Blog Post

Trauma
3rd January 2026
Trauma comes to seem as if it is "stored" in the body when something has happened that could not be brought into words at the time. What then shows itself through physical symptoms — the tension that won't release, the startle response, the numbness or pain with no clear medical cause — is not bottled-up emotion waiting to be discharged, but the trace of an experience that never found a place in meaning. The symptom functions, in this sense, like a bodily message that speaks without quite knowing what it is saying.
This is why so many people feel certain the answer must lie somewhere in the body itself. And there is something right about that intuition: the body is where the trace has lodged. But the body is not where the
solution lies. What looks like a somatic problem is really a problem of language — or rather, of its absence. The experience wasn't processed because it couldn't be; there were no words adequate to it at the time, or no one to receive those words, or both.

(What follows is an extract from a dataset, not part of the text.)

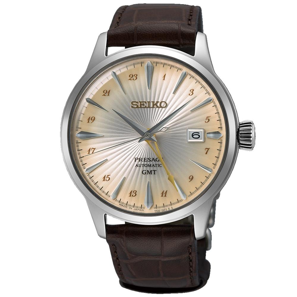 SEIKO 精工 PRESAGE 調酒師 雞尾酒GMT兩地時間機械錶-淡金 SSK041J1/4R34-00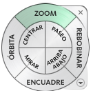 Nota: A diferencia de la herramienta Zoom en la rueda grande de visualización de objetos, no hay restricciones para la herramienta Zoom de la rueda pequeña de visualización de objetos y las ruedas de navegación completa.

The task of therapy is therefore not to discharge pent-up feeling from the body — not to "complete" some interrupted defensive response, or to shake or breathe the trauma out. It is to help the person find ways of putting that once-unassimilable experience into language. This is painstaking, often slow work. It does not mean simply recounting events. It means finding words that actually do something, that locate the person in relation to what happened — who they were, what it meant, how it changed them. As experience becomes speakable in this fuller
sense, the symptom no longer has the same work to do. Relief comes through making sense, rather than through emotional release.
This follows Freud's decisive early insight — the one that founded psychoanalysis and that has been obscured by many of the therapeutic traditions that came after it. Hysterical suffering, he argued, does not require physical catharsis. It requires speech. The body was never the true container of the trauma; it was simply where what could not yet be said made itself felt. Treating the body directly, without addressing the gap in language, is to mistake the messenger for the message.
That gap can close. But it closes through words.